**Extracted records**

________

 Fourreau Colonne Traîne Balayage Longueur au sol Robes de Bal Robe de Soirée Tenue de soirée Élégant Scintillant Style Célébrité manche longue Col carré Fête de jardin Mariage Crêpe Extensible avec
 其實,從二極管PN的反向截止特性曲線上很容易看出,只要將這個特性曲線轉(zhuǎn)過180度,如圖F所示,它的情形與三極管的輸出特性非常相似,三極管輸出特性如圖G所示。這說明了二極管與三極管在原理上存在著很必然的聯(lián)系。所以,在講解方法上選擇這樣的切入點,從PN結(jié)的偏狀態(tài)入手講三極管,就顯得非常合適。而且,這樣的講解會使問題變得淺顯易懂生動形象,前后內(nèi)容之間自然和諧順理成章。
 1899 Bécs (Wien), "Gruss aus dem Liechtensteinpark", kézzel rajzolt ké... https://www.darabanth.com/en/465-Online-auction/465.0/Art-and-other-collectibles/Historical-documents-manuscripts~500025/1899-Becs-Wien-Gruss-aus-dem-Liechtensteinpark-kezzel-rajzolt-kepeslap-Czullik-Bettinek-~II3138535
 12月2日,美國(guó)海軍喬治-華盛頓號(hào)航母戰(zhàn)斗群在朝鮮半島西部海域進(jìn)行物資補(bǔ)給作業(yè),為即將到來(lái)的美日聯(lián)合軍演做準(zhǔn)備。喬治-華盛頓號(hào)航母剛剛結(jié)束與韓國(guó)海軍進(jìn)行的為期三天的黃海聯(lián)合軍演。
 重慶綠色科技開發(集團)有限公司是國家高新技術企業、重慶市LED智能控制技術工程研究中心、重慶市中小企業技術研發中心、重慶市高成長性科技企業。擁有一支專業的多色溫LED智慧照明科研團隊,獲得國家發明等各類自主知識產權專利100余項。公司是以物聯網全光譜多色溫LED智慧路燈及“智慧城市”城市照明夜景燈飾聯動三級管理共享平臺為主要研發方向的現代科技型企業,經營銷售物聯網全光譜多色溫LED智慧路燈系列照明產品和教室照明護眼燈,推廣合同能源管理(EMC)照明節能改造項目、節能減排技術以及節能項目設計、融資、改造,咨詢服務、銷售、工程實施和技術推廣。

________

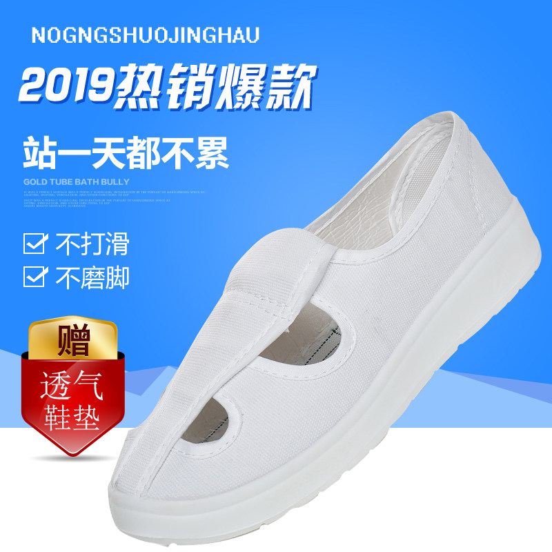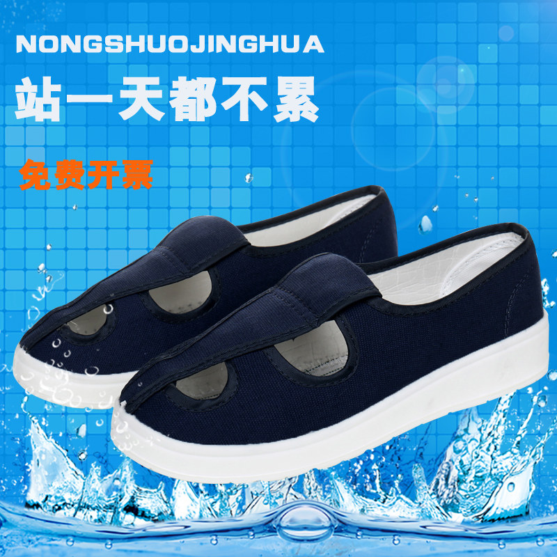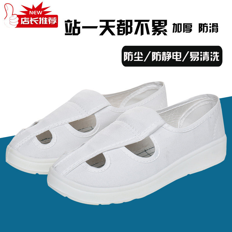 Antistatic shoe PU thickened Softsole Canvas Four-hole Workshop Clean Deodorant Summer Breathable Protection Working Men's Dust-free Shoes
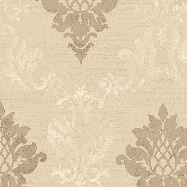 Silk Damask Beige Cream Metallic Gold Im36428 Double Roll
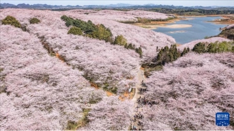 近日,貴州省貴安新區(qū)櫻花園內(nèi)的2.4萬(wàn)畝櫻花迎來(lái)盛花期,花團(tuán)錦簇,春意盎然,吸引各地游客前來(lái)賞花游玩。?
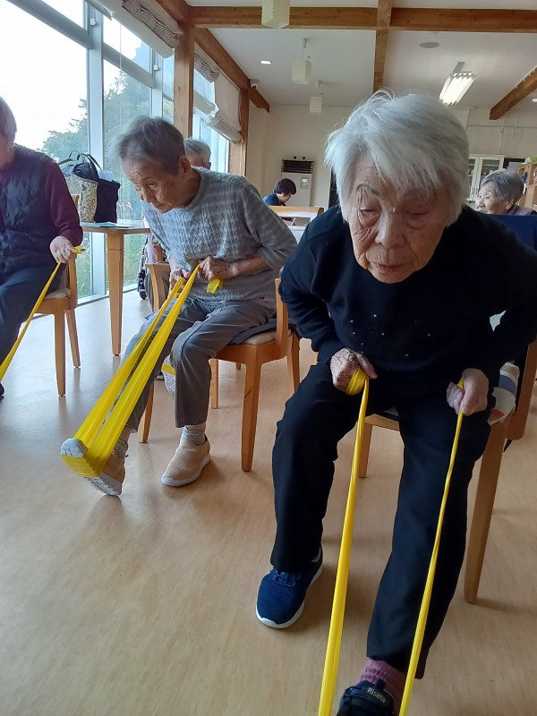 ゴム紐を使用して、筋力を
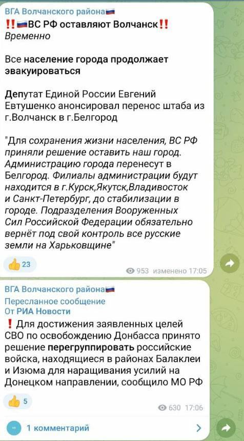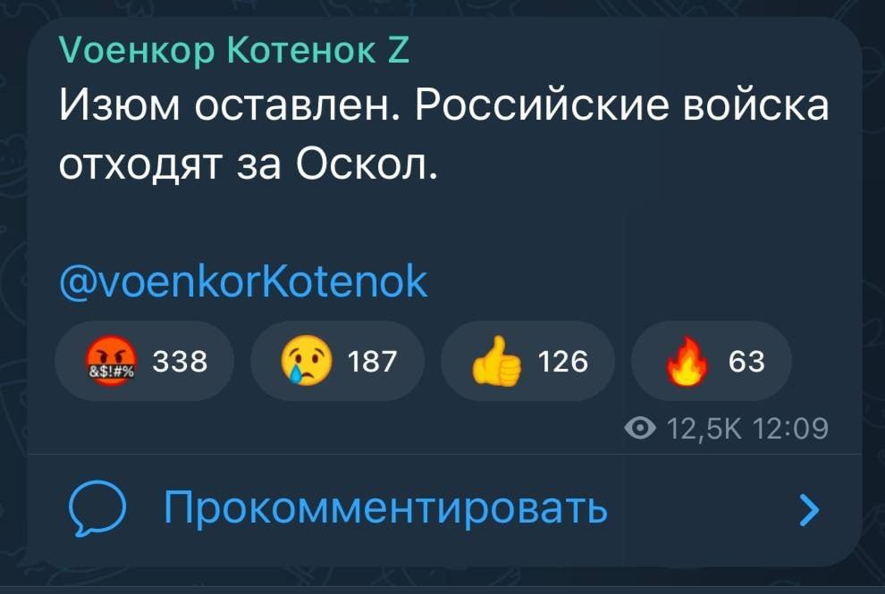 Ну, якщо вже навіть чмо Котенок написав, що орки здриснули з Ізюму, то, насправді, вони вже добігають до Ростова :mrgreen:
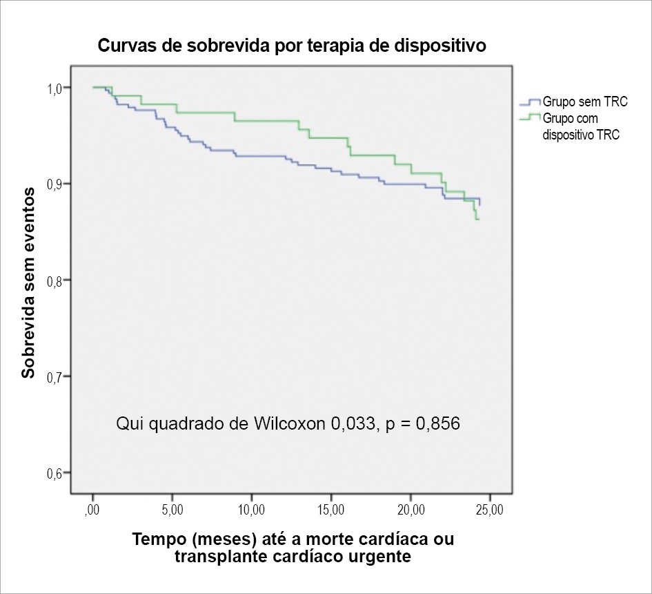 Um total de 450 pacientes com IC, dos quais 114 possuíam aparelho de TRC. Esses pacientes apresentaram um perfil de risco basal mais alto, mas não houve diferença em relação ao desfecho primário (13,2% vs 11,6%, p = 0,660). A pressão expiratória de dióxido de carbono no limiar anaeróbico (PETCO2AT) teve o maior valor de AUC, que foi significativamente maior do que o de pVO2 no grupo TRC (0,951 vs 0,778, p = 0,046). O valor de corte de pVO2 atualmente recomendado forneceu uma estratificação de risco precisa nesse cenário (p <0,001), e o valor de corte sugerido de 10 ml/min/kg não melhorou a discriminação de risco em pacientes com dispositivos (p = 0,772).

________

**Problem statement**
Copy word for word the stretch of entries above from the line that has "kézzel rajzolt ké..." through the line that has "重慶綠色科技開發(集團)有限", both ends included, and nothing outside it.

**Solution to this task**
 1899 Bécs (Wien), "Gruss aus dem Liechtensteinpark", kézzel rajzolt ké... https://www.darabanth.com/en/465-Online-auction/465.0/Art-and-other-collectibles/Historical-documents-manuscripts~500025/1899-Becs-Wien-Gruss-aus-dem-Liechtensteinpark-kezzel-rajzolt-kepeslap-Czullik-Bettinek-~II3138535
 12月2日,美國(guó)海軍喬治-華盛頓號(hào)航母戰(zhàn)斗群在朝鮮半島西部海域進(jìn)行物資補(bǔ)給作業(yè),為即將到來(lái)的美日聯(lián)合軍演做準(zhǔn)備。喬治-華盛頓號(hào)航母剛剛結(jié)束與韓國(guó)海軍進(jìn)行的為期三天的黃海聯(lián)合軍演。
 重慶綠色科技開發(集團)有限公司是國家高新技術企業、重慶市LED智能控制技術工程研究中心、重慶市中小企業技術研發中心、重慶市高成長性科技企業。擁有一支專業的多色溫LED智慧照明科研團隊,獲得國家發明等各類自主知識產權專利100余項。公司是以物聯網全光譜多色溫LED智慧路燈及“智慧城市”城市照明夜景燈飾聯動三級管理共享平臺為主要研發方向的現代科技型企業,經營銷售物聯網全光譜多色溫LED智慧路燈系列照明產品和教室照明護眼燈,推廣合同能源管理(EMC)照明節能改造項目、節能減排技術以及節能項目設計、融資、改造,咨詢服務、銷售、工程實施和技術推廣。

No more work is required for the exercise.